Fig. 6: Validation of mKRAS-specific T cell reactivity identified from peripheral blood of vaccinated patients.

a UMAP of single cell RNA/TCR sequencing performed on pre- and post-vaccine PBMCs. T cells were identified as CD4 (naïve, proliferating, central memory (TCM), and effector memory (TEM)), CD8 (naïve, proliferating, TCM, and TEM), double negative T (dnT), MAIT, and Tregs. b Phenotype of mKRAS-specific T cells identified from mKRAS expansion mapped onto single cell data by TCRβ chains (c) Specific activity of Jurkat-TCRKO-NFAT-GFP cells expressing putative mKRAS-specific TCRs and co-cultured with patient-matched LCLs pulsed with control peptide, mKRAS peptides, or KRAS WT peptide. Mean +-SD are shown. d Specific activity of Jurkat reporter line transduced with TCR03 and co-cultured with patient-matched LCLs pulsed with 10uM control, mKRAS peptide, or wild-type KRAS peptide. Mean +-SD are shown. One way ANOVA was performed followed by Tukeys multiple comparisons. e G12V reactive TCRs cocultured with HLA-null K562s transfected with patient-matched HLA class II alleles and pulsed with 2ug/mL KRAS G12V peptide. Co-cultures were assessed for GFP expression. f Specific activity of Jurkat-Public TCRβ08 expressing cells co-cultured with patient matched LCLs pulsed with control, KRAS G13D, or wild type peptide at the indicated concentrations.

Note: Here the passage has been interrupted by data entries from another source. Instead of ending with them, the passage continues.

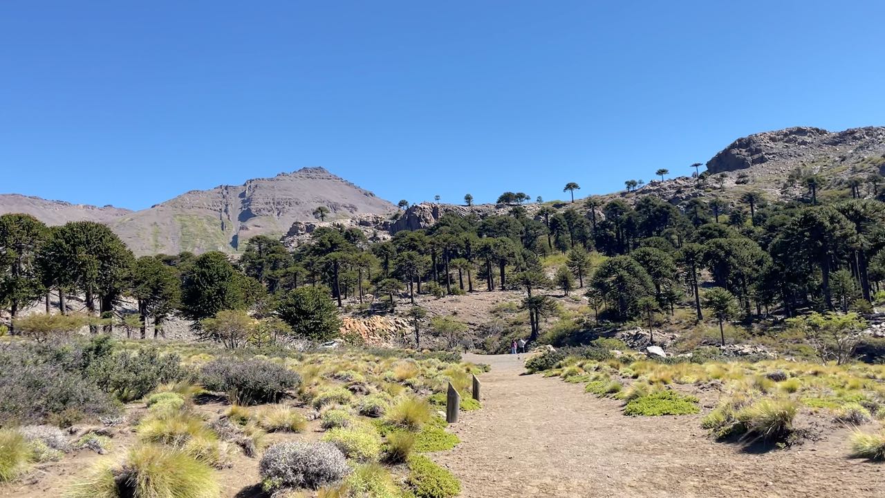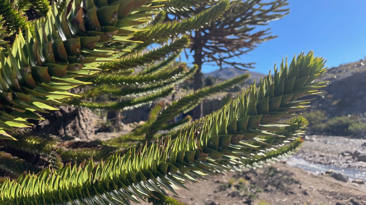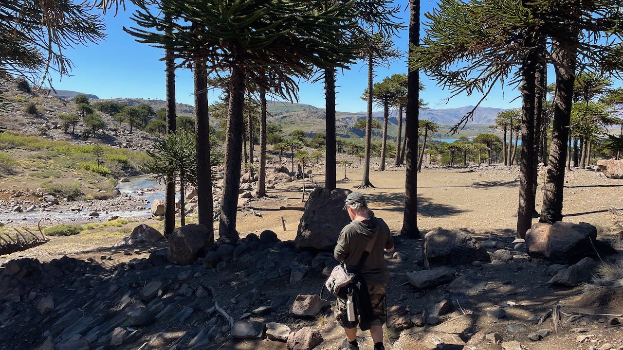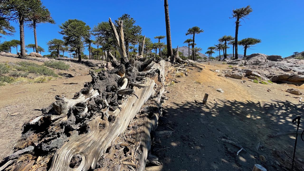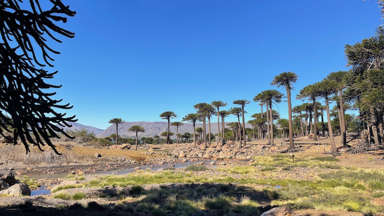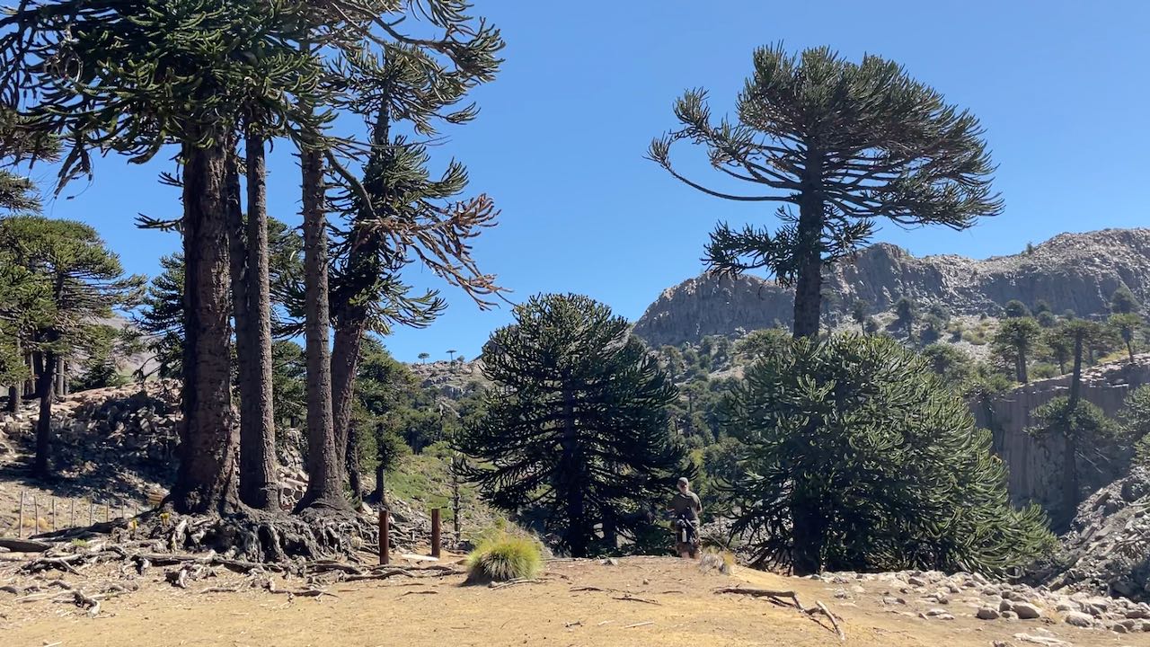 Das Südufer des Lago Caviahue, wunderschön! Wir sehen unsere ersten Araukarien in freier Wildbahn. Kein Vergleich zu den armen Dingern in deutschen Vorgärten.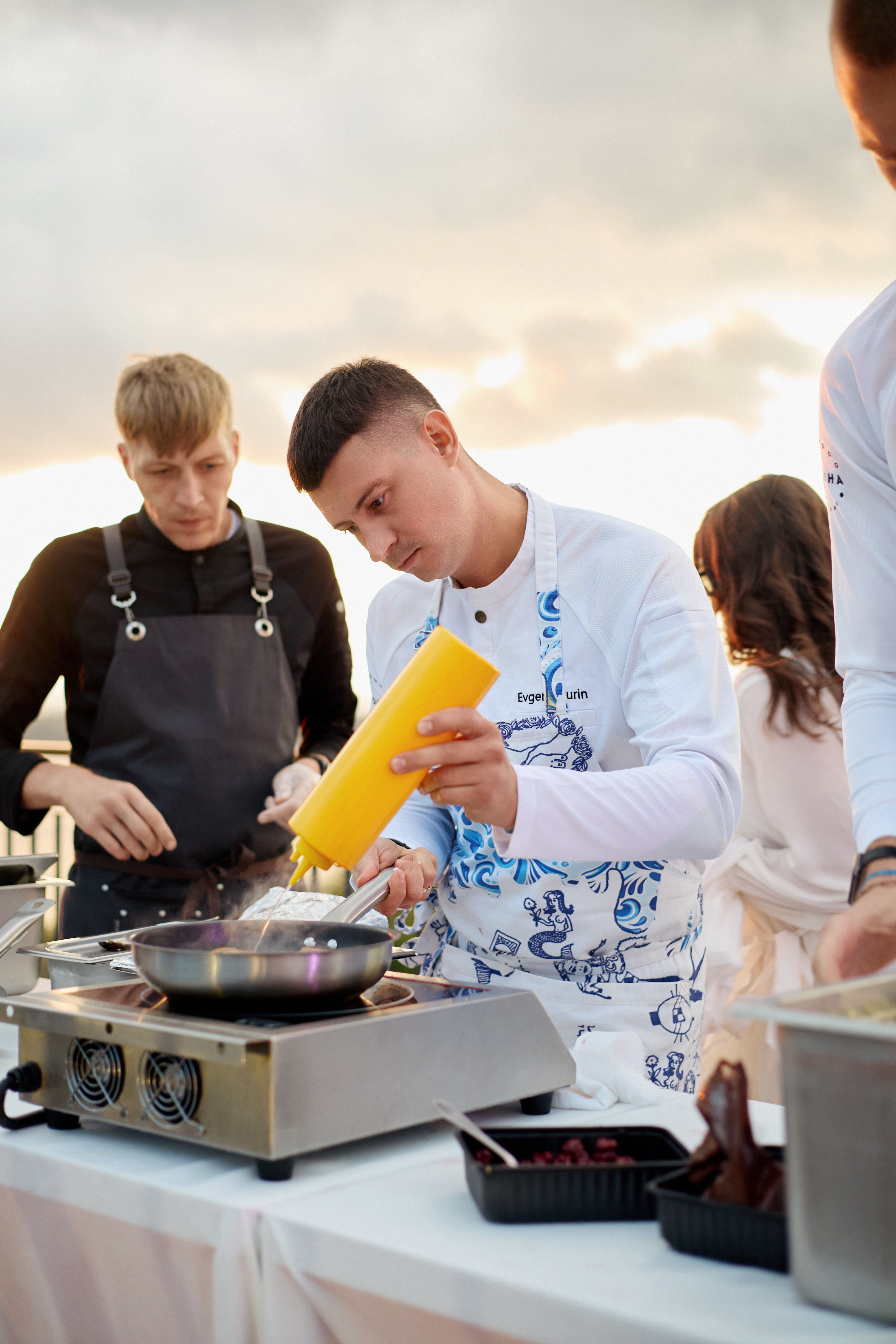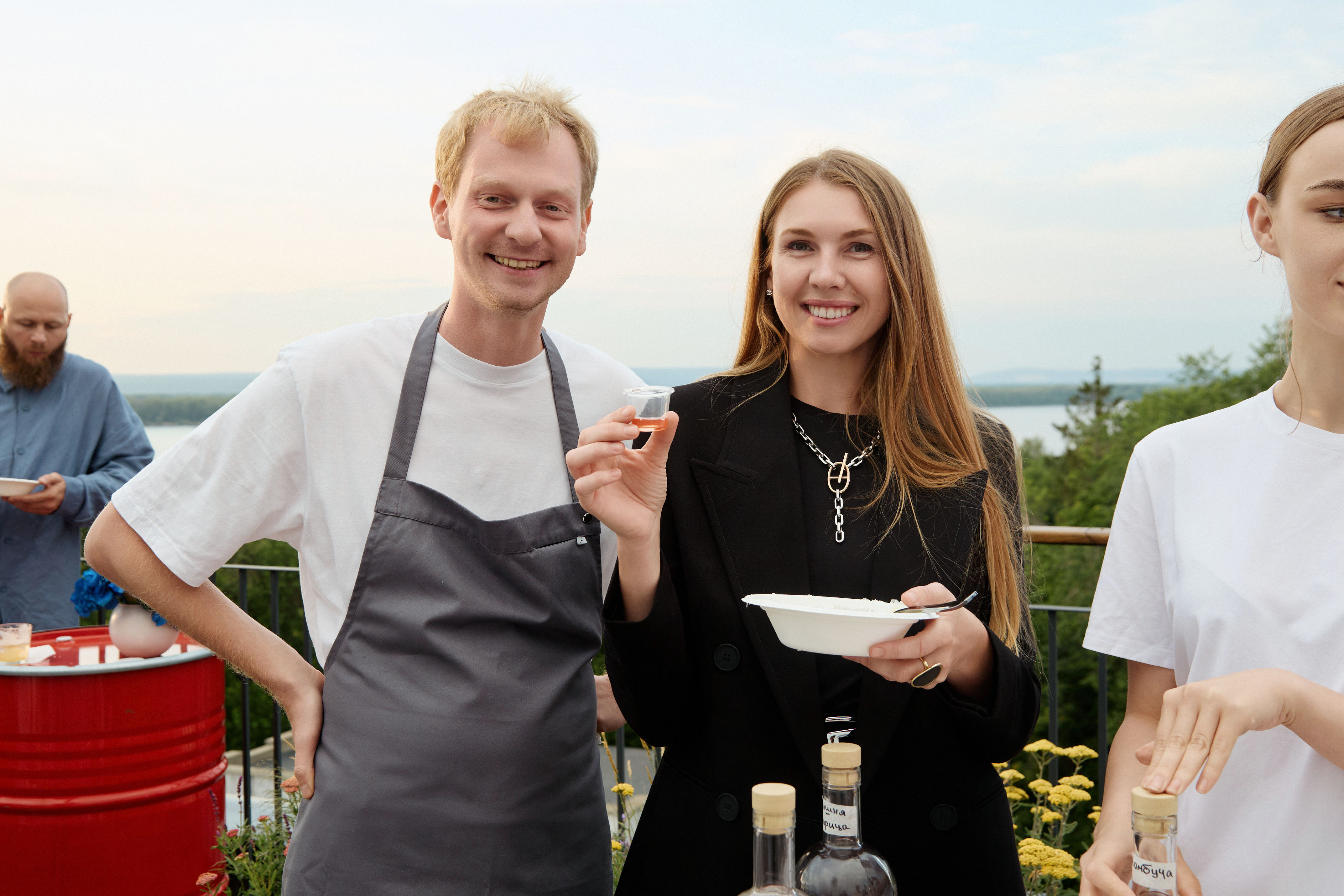 С приветственным словом к гостям обратились директор по стратегическому маркетингу и развитию «Ресторанной компании Поляна», вдохновительница и соавтор юбилейного фестиваля «Волжские сезоны» Женя Кручинина и бренд-шефы «Ресторанной компании Поляна» и идеологи фестиваля Евгений Гурин и Андрей Рогачёв.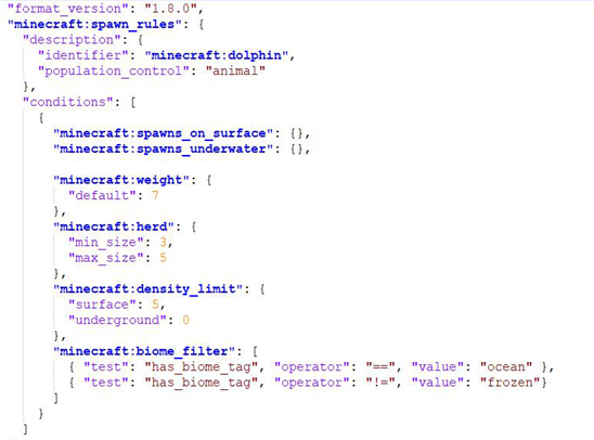 A:放在spawn_rules里。比如海豚的生成规则,如下图所示: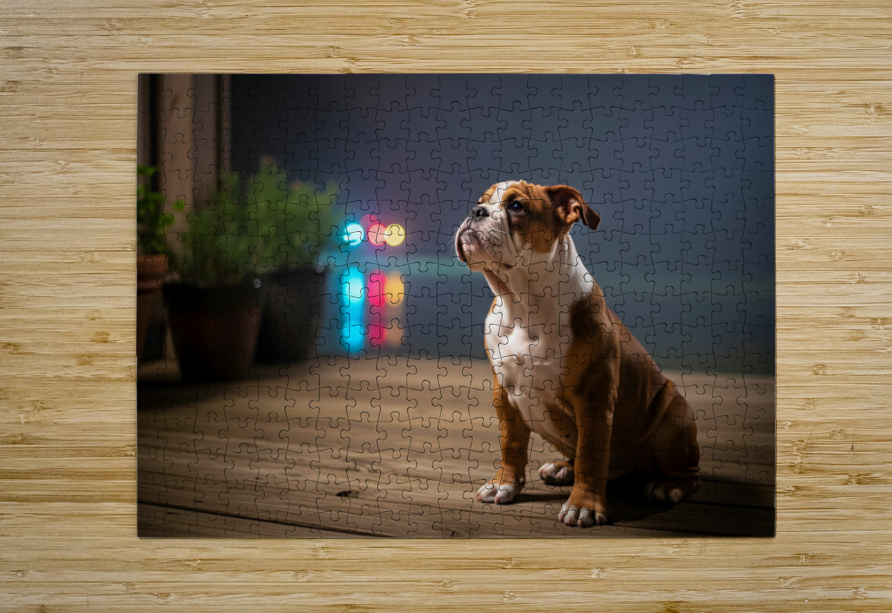 Bulldog Puppy Watches First Fireworks Display Puppy Prints Impression de puzzle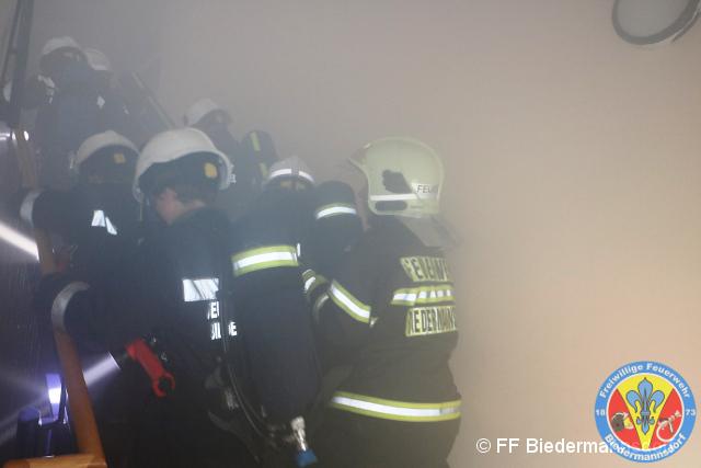 Bei dem ersten gestellten Einsatz handelte es sich um einen Wohnhausbrand bei der zwei Personen vermisst wurden. Die FJ-Mitglieder mussten ihr bereits im Vorfeld bei den Jugendstunden (immer Montags 18-20 Uhr) erlerntes Wissen praktisch umsetzen und so rüsteten sich zwei Atemschutztrupps aus um die vermissten Personen zu retten und den Brand zu löschen.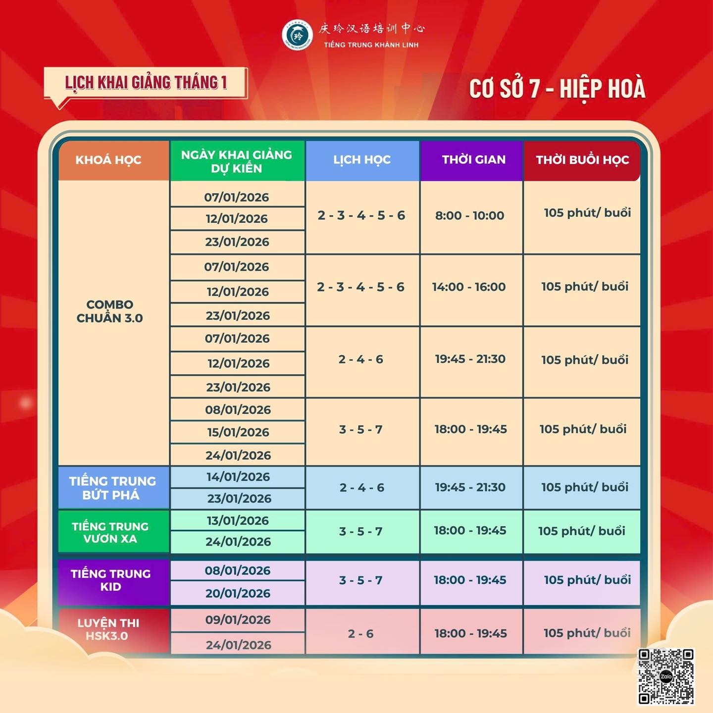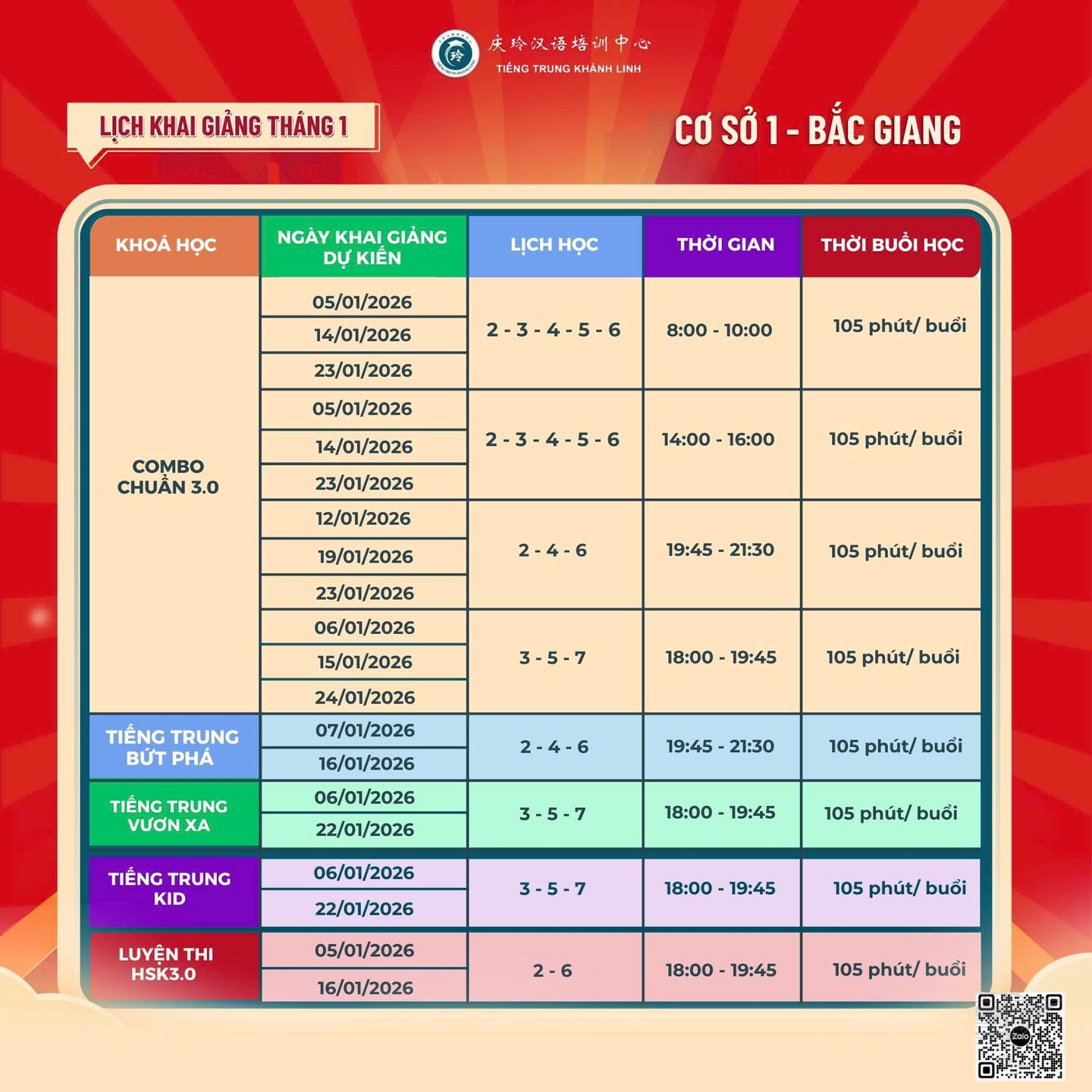 Dưới đây là lịch khai giảng các lớp tiếng Trung tháng 01/2026 của Tiếng Trung Khánh Linh Lộ trình 3.0 từ cơ bản đến nâng cao và các chương trình Ưu đãi học phí cực hấp dẫn. Các bạn tham khảo và chọn khóa học phù hợp cho mình nhé!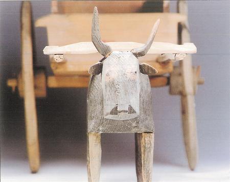 木牛俑高度約20厘米左右,通常先雕出輪廓,然后通體飾黑彩,白彩勾眼和絡(luò)頭等。從造型來看,木牛目視前方,屈背,四足蹬地,身軀健壯有力。拉著牛車或拉木犁的牛俑一般繪有絡(luò)頭,表現(xiàn)了田間勞作的情景。到西漢時期,隨著“軍事屯田”與“徙民實邊”政策的推行,牛耕技術(shù)在甘肅河西地區(qū)逐漸普及開來。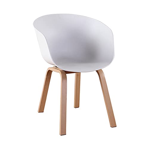 Sim - Set di 4 poltrone in plastica con gambe in legno di quercia, sedie per sala da pranzo, camera da letto, cucina, mobili per la casa, colore: bianco

Specific activity of public TCRβ08 Jurkats co-cultured with LCLs from a HLA-DQB*03:01- donor (bottom left) or irrelevant HLA-DQB*03:01+ donor (bottom right) pulsed with control, KRAS G13D, or wild type KRAS peptide. g Activation (GFP expression) of KRAS TCR+ jurkat cell lines after co-culture with human CAPAN1 (KRAS G12V), SUDHL10 (KRAS WT), or MDA-MB-231 (KRAS G13D) pretreated with 100IU hIFNγ for 48 h at an effector to target ratio of 2:1 for 24 h in the presence or absence of 2ug/mL exogenous mKRAS antigen. A negative control TCR recognizing a SARS-CoV2 was used. h CD25 and CD137 expression on KRAS TCR05 knock-in healthy donor T cells 24 h after co-cultured with IFNγ pre-treated CAPAN1 or SUDHL10 cells in the absence or addition of 2ug/mL additional exogenous mKRAS antigen.